Es sábado. Primero de abril de 1939. La ciudad está tomada, llena de banderas monárquicas y de gente en las calles que parecen celebrar. Lo observa desde la ventana de la cocina de la casa de su prima Angelines. Cree que allí escondida va a poder pasar de largo. Arrebujada en la silla, destemplada aunque no hace frío, mira por el único espacio del piso interior que asoma a la calle, por encima del cine de verano de Luchana. Mira gente lejos, y escucha en su cabeza los distintos consejos, cada sugerencia, cada mirada muda. «Quédate aquí, nadie va a venir a buscarte aquí, irían a tu casa». «Vete de aquí, vete hacia algún pueblo, cerca de Madrid y te iremos diciendo cómo trascurre todo. No paran de coger gente desde el día 28 cuando entraron, y todo el mundo dice que los matan, que los pasean, que los desaparecen». «¿Por qué no te vas al norte, al pueblo, a Carranza? Allí podrías estar segura». «Si todos se van, ¿cómo vamos a resistir? No podemos conformarnos».

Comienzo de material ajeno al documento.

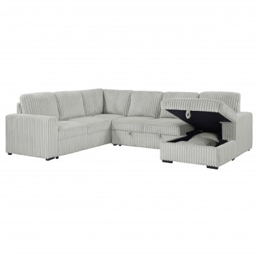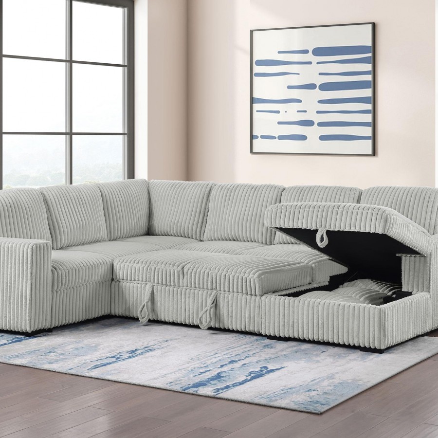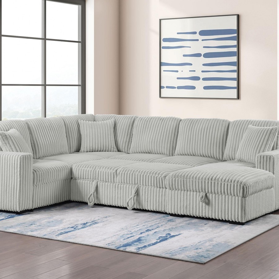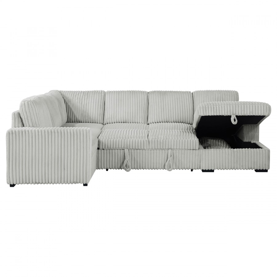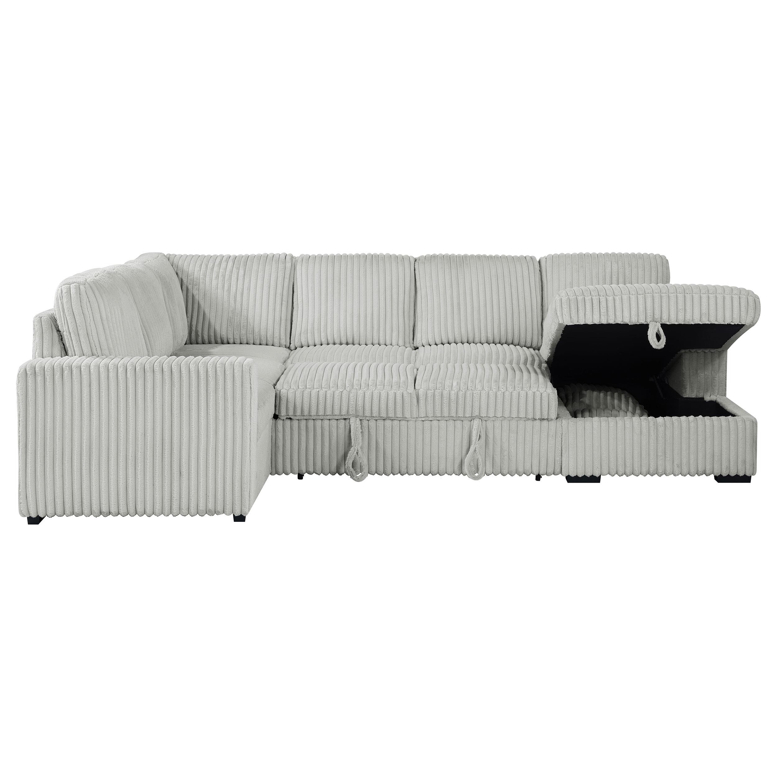 This versatile corduroy sleeper sectional effortlessly converts from cozy seating to a comfortable guest bed with its pop-up sleep surface. A spacious storage chaise keeps essentials at hand, while plush upholstery and three matching pillows provide lasting comfort and style. Its neutral tone complements any décor, making this piece an ideal centerpiece for relaxation, entertainment, and accommodating overnight guests. Built for durability, it seamlessly blends form, function, and modern appeal.

Lleva tres días encerrada, pero hoy que es sábado va a salir, va a buscar a la gente, va a confundirse entre la multitud, va a esconderse en el metro… A través de una vecina ha quedado con Feli y con Manola para ir a la calle, buscar, encontrar, hablar al menos… En un rato, estarán juntas.
Suena la puerta. Imperioso el golpe, con los nudillos. No pueden ser ellas, es temprano aún, y no llamarían así. No pueden ser ellas. Pero los golpes no paran, cada vez más fuertes. Cuando se levanta, Angelines la empuja hacia el retrete, la puerta del fondo en la cocina, el único hueco posible, mientras Justi va hacia la puerta. Nadie habla, pero su prima lo ha entendido, están llegando.
Cuando la puerta se abre, entran en tropel. ¿Cuántos? Siete, ocho, diez. Alguno vestido de militar, algún civil, otros con la camisa oscura de la Falange. Gris, caqui, azul. Azul. «¿Dónde está, dónde está?». «¿Dónde está quién?«. «Imbécil, no te hagas la imbécil, venimos buscando a esa chica, tu sobrina, tu prima, a Manolita, a Manolita del Arco. Dinos dónde está, coño. Venga ya…».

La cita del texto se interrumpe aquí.